Thanks for contributing an answer to Electrical Engineering Stack Exchange!


  • Please be sure to answer the question. Provide details and share your research!

But avoid


  • Asking for help, clarification, or responding to other answers.

  • Making statements based on opinion; back them up with references or personal experience.

Use MathJax to format equations. MathJax reference.

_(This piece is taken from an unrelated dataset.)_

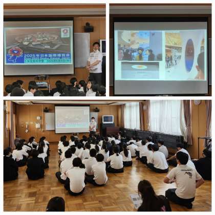 2年生が万博校外学習に向けて事前学習を行いました。皆さん、興味津々で聞いていました。

To learn more, see our tips on writing great answers.




draft saved


draft discarded














StackExchange.ready(
function ()
StackExchange.openid.initPostLogin('.new-post-login', 'https%3a%2f%2felectronics.stackexchange.com%2fquestions%2f452181%2fwhy-does-intels-haswell-chip-allow-fp-multiplication-to-be-twice-as-fast-as-add%23new-answer', 'question_page');

);

Post as a guest















Required, but never shown





















































Required, but never shown














Required, but never shown












Required, but never shown







Required, but never shown

































Required, but never shown














Required, but never shown












Required, but never shown







Required, but never shown







Popular posts from this blog

Category:9 (number) SubcategoriesMedia in category "9 (number)"Navigation menuUpload mediaGND ID: 4485639-8Library of Congress authority ID: sh85091979ReasonatorScholiaStatistics

Circuit construction for execution of conditional statements using least significant bitHow are two different registers being used as “control”?How exactly is the stated composite state of the two registers being produced using the $R_zz$ controlled rotations?Efficiently performing controlled rotations in HHLWould this quantum algorithm implementation work?How to prepare a superposed states of odd integers from $1$ to $sqrtN$?Why is this implementation of the order finding algorithm not working?Circuit construction for Hamiltonian simulationHow can I invert the least significant bit of a certain term of a superposed state?Implementing an oracleImplementing a controlled sum operation

Magento 2 “No Payment Methods” in Admin New OrderHow to integrate Paypal Express Checkout with the Magento APIMagento 1.5 - Sales > Order > edit order and shipping methods disappearAuto Invoice Check/Money Order Payment methodAdd more simple payment methods?Shipping methods not showingWhat should I do to change payment methods if changing the configuration has no effects?1.9 - No Payment Methods showing upMy Payment Methods not Showing for downloadable/virtual product when checkout?Magento2 API to access internal payment methodHow to call an existing payment methods in the registration form?